In 2011, c-store dollar sales increased more than 9% for chocolate and more than 7% for no chocolate, according to SymphonyIRI Group data. Yet unit sales rose less than 2%.

Lance Smith, category manager for candy for McLane Co., Temple, Texas, estimates prices inflated about 8% for chocolate and no chocolate. If that’s the case, if a retailer didn’t see an 8% jump in dollars sales, “then certainly they’re not outpacing inflation,” says Smith.

How did we get to this place of discordance? And what’s in store for sales—unitsand dollars—for the rest of the year?

The commodity crush and subsequent price spike of 2011 is not repeating itself this year.
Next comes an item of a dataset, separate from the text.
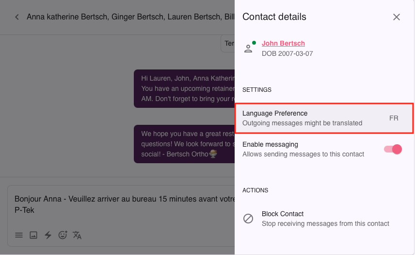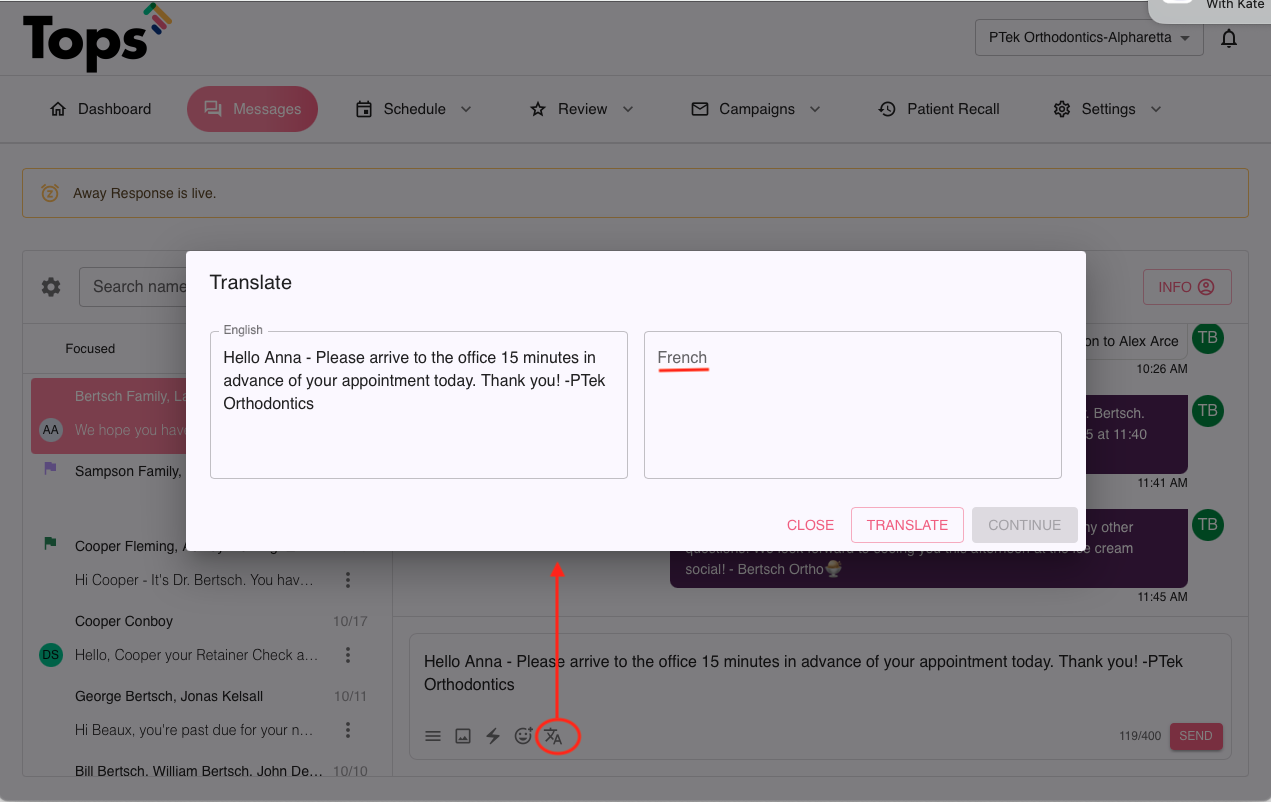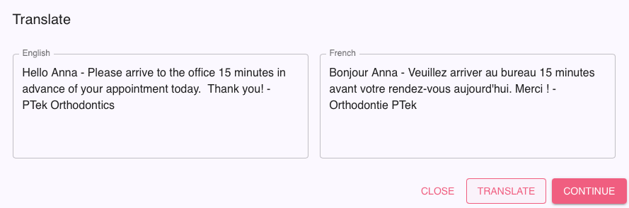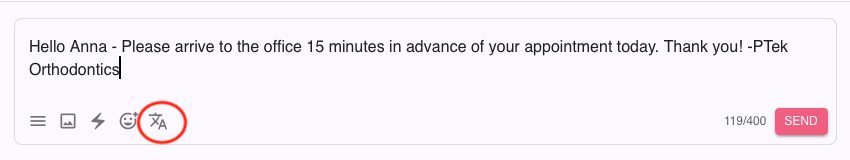 You can now send an outgoing text to your patient, translating it into their preferred language.

But other factors are putting pressure on manufacturers to switch up both pricing and packaging. How will it affect customer habits? That’s the question to chase in this second half of the year.

The Year of the Increase

In 2011, the rubber met the road. Manufacturers, feeling the continued pressures of commodity pricing, finally served recession-whipped consumers a price increase.

“Everyone had their prices increase last year, and that was mainly due to commodity increases—cocoa prices going through the roof, and milk and sugar, too,” says John Haley, national accounts, convenience, for Lindt & Sprungli,Stratham, N.H. “Historically, you would always try to see how you could maintain your current prices, but eventually those costs increase so much that you have to take pricing [up].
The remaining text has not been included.